New Delhi, July 1: US President Donald J. Trump's proposed order to eliminate automatic citizenship for children born on US soil was struck down by the US Supreme Court. Trump's order was rejected in a 6-3 ruling, preserving the long-settled understanding of the 14th Amendment, adopted after the Civil War, which makes anyone born in the country a US citizen.


“Citizenship, then and now, was the right to have rights, to freely participate in our political community. The Framers of the Fourteenth Amendment extended that promise to ‘every free-born person in this land,’” the court held.


Chief Justice John Roberts wrote for the court, citing congressional debate over the amendment, “We keep that promise today.”


What it Means for H-1B Visa Holders


The ruling is particularly significant for H-1B visa holders in the United States, many of whom may themselves have to wait decades for citizenship. It also applies to people on temporary visas, such as students and visitors, whose children born in the US will continue to be automatically granted citizenship and a lifetime right to live there. The verdict also preserves birthright citizenship for children born in the US to undocumented Indian migrants.


The US Supreme Court upheld birthright citizenship, protecting automatic citizenship for children born to H-1B holders and other immigrant families. (AI-Generated Image)
The US Supreme Court upheld birthright citizenship, protecting automatic citizenship for children born to H-1B holders and other immigrant families. (AI-Generated Image)

“The ruling is a profound affirmation of who belongs in America. Indians and South Asian immigrant families are among those most directly threatened by Trump's executive order,” Chinten Patel, Executive Director of Indian American Impact, an organisation promoting political participation within the community, told news agency IANS.


Referring to the decades-long green card backlog for Indians on H-1B visas, Patel said their “children are often born here long before their parents have a clear path to permanency.”


“Today the Supreme Court looked at those families and said, ‘Your children are Americans.
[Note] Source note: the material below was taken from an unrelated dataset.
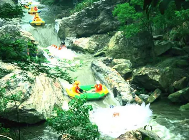 位于瀏陽龍伏鎮,號稱“中南第一漂”。河道全長3.8公里,總落差198米,其中單個落差百米飛瀑可達35米。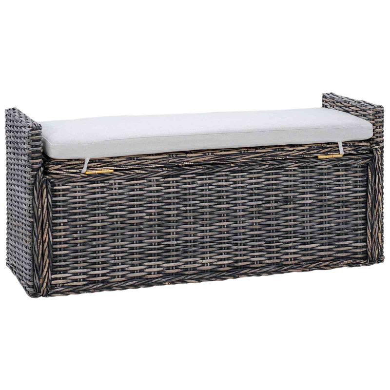 Diese Garderobenbank mit Stauraum ist ein wunderbares Stück, das sich nahtlos in moderne Räume einfügt, dank ihrer klaren Linien und des minimalistischen Designs. Sie bietet dir sowohl Sitzplätze als auch Stauraum und ist eine klasse Ergänzung für dein Wohnzimmer und Schlafzimmer. Mit ihrer eleganten Rattan-Konstruktion und dem bequemen Kissen ist sie nicht nur praktisch, sondern auch super stylisch. Materialien: Diese Bank ist aus hochwertigem Rattan und stabiler Mahagoni gefertigt. Das sorgt nicht nur für Langlebigkeit, sondern auch für einen eleganten Look. Das Rattan hat eine besondere Struktur und Wärme, während das Mahagoniholz die Stabilität erhöht. Diese Kombination bringt sowohl Style als auch Funktionalität und peppt deine Wohnräume auf. Enthaltene Komponenten: Das lange Kissen, das über die gesamte Sitzfläche reicht, sorgt für Komfort bei längerem Sitzen. Das Kissen ist modern designt und sieht gut aus, während es sich leicht abnehmen lässt, um es zu reinigen. Eigenschaften / Funktion / Design: Das durchdachte Design macht die Bank vielseitig einsetzbar – als Sitzgelegenheit oder Stauraum. Sie eignet sich hervorragend zum Verstauen von Büchern, Decken oder Saisonkleidung und sorgt dafür, dass alles ordentlich aussieht. Mit ihrem Fokus auf klare Linien und praktische Nutzung trifft sie den Puls modernen Möbeldesigns. Empfohlene Verwendung: Diese Bank ist perfekt für drinnen. Stell sie hinter dein Sofa im Wohnzimmer für extra Sitzplätze oder in deinem Schlafzimmer, um Ordnung zu schaffen. Sie hat die richtige Größe, um bequem unter Fenstern oder an Wänden zu stehen und ist super nützlich, ohne den Raum zu überladen. Pflege & Wartung: Um die Bank in top Zustand zu halten, wisch die Rattanteile regelmäßig mit einem trockenen Tuch ab. Das Kissen kannst du bei Bedarf mit etwas Seifenwasser reinigen. Vermeide scharfe Chemikalien, damit die Materialien schön bleiben. Mit diesen einfachen Pflegetipps bleibt die Bank lang dein treuer Begleiter in der Wohnung.

They belong here,’” Patel said.


US Congressman Raja Krishnamoorthi said the decision reaffirmed “a fundamental constitutional principle: every child born in the United States is an American citizen.”


“Since its ratification in the wake of the Civil War, the Fourteenth Amendment has enshrined the principles of equal citizenship and equal protection under the law, including its guarantee of birthright citizenship,” he said.